## REQUIRED WORK
Using the data that follows, return exactly the lines from the one that contains "ok... you dont" through the one that contains "In T20I cricket", ends included.

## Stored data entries
^^^^^^^^

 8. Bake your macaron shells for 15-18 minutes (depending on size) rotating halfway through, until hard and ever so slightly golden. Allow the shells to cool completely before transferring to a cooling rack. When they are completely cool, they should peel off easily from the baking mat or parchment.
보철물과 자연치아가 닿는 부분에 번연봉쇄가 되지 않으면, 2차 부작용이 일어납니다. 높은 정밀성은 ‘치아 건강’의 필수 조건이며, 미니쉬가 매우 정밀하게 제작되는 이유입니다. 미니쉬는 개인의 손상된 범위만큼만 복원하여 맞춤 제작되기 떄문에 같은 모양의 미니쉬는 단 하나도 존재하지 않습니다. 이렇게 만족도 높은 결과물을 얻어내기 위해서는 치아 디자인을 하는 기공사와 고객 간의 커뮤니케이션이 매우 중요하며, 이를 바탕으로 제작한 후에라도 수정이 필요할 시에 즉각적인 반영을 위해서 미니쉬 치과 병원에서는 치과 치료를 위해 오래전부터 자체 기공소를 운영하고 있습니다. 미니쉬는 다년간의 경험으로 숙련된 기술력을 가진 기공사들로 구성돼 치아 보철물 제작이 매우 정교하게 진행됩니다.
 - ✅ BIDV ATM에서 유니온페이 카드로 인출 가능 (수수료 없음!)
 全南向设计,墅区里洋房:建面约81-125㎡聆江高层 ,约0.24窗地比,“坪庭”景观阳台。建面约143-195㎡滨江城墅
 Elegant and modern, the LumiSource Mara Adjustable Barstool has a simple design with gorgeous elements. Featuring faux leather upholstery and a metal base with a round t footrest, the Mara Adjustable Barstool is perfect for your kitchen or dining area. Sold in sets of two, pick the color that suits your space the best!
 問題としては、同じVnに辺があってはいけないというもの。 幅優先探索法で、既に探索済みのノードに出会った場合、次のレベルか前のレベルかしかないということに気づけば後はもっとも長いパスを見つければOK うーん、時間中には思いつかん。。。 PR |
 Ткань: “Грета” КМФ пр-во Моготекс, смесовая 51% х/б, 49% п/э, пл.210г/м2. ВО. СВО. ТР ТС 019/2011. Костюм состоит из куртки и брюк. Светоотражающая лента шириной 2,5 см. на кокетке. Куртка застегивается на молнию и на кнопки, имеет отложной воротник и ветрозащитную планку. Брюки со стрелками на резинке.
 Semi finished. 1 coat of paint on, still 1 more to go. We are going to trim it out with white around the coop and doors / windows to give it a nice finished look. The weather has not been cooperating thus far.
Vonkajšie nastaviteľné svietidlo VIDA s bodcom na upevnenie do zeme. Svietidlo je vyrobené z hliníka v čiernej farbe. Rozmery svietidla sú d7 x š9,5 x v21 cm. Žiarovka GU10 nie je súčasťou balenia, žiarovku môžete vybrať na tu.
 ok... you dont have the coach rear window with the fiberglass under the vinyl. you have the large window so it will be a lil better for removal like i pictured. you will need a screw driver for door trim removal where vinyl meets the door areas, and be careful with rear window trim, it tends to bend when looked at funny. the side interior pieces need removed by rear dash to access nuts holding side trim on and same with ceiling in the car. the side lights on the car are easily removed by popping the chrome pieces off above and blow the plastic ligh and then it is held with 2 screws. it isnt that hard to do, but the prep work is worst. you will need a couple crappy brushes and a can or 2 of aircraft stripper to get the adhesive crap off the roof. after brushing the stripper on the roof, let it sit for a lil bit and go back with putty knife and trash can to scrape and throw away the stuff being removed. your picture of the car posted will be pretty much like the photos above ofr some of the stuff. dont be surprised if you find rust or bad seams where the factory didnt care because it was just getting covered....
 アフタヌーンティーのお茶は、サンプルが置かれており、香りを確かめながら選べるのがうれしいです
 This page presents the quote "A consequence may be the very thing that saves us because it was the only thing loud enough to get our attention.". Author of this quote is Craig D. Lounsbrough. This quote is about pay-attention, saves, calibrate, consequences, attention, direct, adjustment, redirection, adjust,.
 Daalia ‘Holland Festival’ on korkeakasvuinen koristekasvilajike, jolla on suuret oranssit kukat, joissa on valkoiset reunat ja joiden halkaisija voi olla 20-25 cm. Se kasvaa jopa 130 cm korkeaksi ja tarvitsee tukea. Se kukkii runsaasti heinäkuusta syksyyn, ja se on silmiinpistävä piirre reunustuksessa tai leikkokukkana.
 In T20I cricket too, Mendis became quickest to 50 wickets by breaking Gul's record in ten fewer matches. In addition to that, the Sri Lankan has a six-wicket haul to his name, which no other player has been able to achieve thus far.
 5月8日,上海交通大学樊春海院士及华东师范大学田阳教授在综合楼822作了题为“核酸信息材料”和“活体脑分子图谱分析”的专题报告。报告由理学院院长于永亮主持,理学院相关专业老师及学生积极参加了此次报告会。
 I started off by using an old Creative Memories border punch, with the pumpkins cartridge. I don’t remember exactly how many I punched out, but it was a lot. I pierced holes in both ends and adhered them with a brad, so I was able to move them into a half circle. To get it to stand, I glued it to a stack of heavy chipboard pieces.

^^^^^^^^

## YOUR RESPONSE
 ok... you dont have the coach rear window with the fiberglass under the vinyl. you have the large window so it will be a lil better for removal like i pictured. you will need a screw driver for door trim removal where vinyl meets the door areas, and be careful with rear window trim, it tends to bend when looked at funny. the side interior pieces need removed by rear dash to access nuts holding side trim on and same with ceiling in the car. the side lights on the car are easily removed by popping the chrome pieces off above and blow the plastic ligh and then it is held with 2 screws. it isnt that hard to do, but the prep work is worst. you will need a couple crappy brushes and a can or 2 of aircraft stripper to get the adhesive crap off the roof. after brushing the stripper on the roof, let it sit for a lil bit and go back with putty knife and trash can to scrape and throw away the stuff being removed. your picture of the car posted will be pretty much like the photos above ofr some of the stuff. dont be surprised if you find rust or bad seams where the factory didnt care because it was just getting covered....
 アフタヌーンティーのお茶は、サンプルが置かれており、香りを確かめながら選べるのがうれしいです
 This page presents the quote "A consequence may be the very thing that saves us because it was the only thing loud enough to get our attention.". Author of this quote is Craig D. Lounsbrough. This quote is about pay-attention, saves, calibrate, consequences, attention, direct, adjustment, redirection, adjust,.
 Daalia ‘Holland Festival’ on korkeakasvuinen koristekasvilajike, jolla on suuret oranssit kukat, joissa on valkoiset reunat ja joiden halkaisija voi olla 20-25 cm. Se kasvaa jopa 130 cm korkeaksi ja tarvitsee tukea. Se kukkii runsaasti heinäkuusta syksyyn, ja se on silmiinpistävä piirre reunustuksessa tai leikkokukkana.
 In T20I cricket too, Mendis became quickest to 50 wickets by breaking Gul's record in ten fewer matches. In addition to that, the Sri Lankan has a six-wicket haul to his name, which no other player has been able to achieve thus far.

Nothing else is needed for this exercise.